How robots hurt jobs in emerging economies.

Automation can spur productivity in emerging economies but lead to displeasure and insecurity in the short run, says study.


Automation, a growing part of daily life, can make work easier but has also raised concerns about potential disruption and job loss. According to one World Bank estimate, two-thirds of jobs in developing countries could be lost to automation.

A new research study by Osea Giuntella and Tianyi Wang published by the IZA Institute of Labour Economics, Germany, which explores the implications of automation in China, adds to these concerns.

To measure the impact of automation on the Chinese labour market, the author examined data from the International Federation of Robotics (IFR) for countries’ robotic exposure between 2000-2016, the Chinese government’s National Bureau of Statistics data on city-level employment and wages and other datasets.

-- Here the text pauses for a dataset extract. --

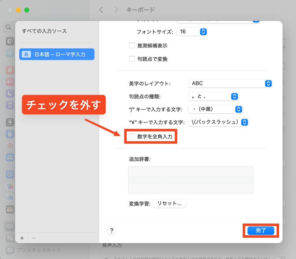 キーボードのショートカット設定画面が開いたら「日本語 – ローマ入力」の「数字を全角入力」のチェックを外せば作業完了です!

They found that employment and wages suffer due to automation. Low skilled men (less than secondary-level of education) and older men (above 44 years of age) were the most affected.

They also observed significant impact on jobs in the manufacturing sector and state-owned firms, which can be attributed to the higher adoption of robotics in these sectors, a result of China’s increased investment in industrial robots to boost its industrial productivity.

The research suggests that though automation can increase productivity, it has several societal and political implications. In emerging economies, automation can lead to widespread displeasure and insecurity in the short run. The authors found an increase in workers’ protests and strikes triggered by job losses and wage issues. They also found workers tend to migrate less to cities with higher robotic penetration owing to the lower wages.

According to the authors, the effects of automation will be starker in emerging economies than in developed countries due to the dominance of agriculture and manufacturing sectors. This should be a matter of policy concern for emerging economies where inequality and unemployment are already major issues.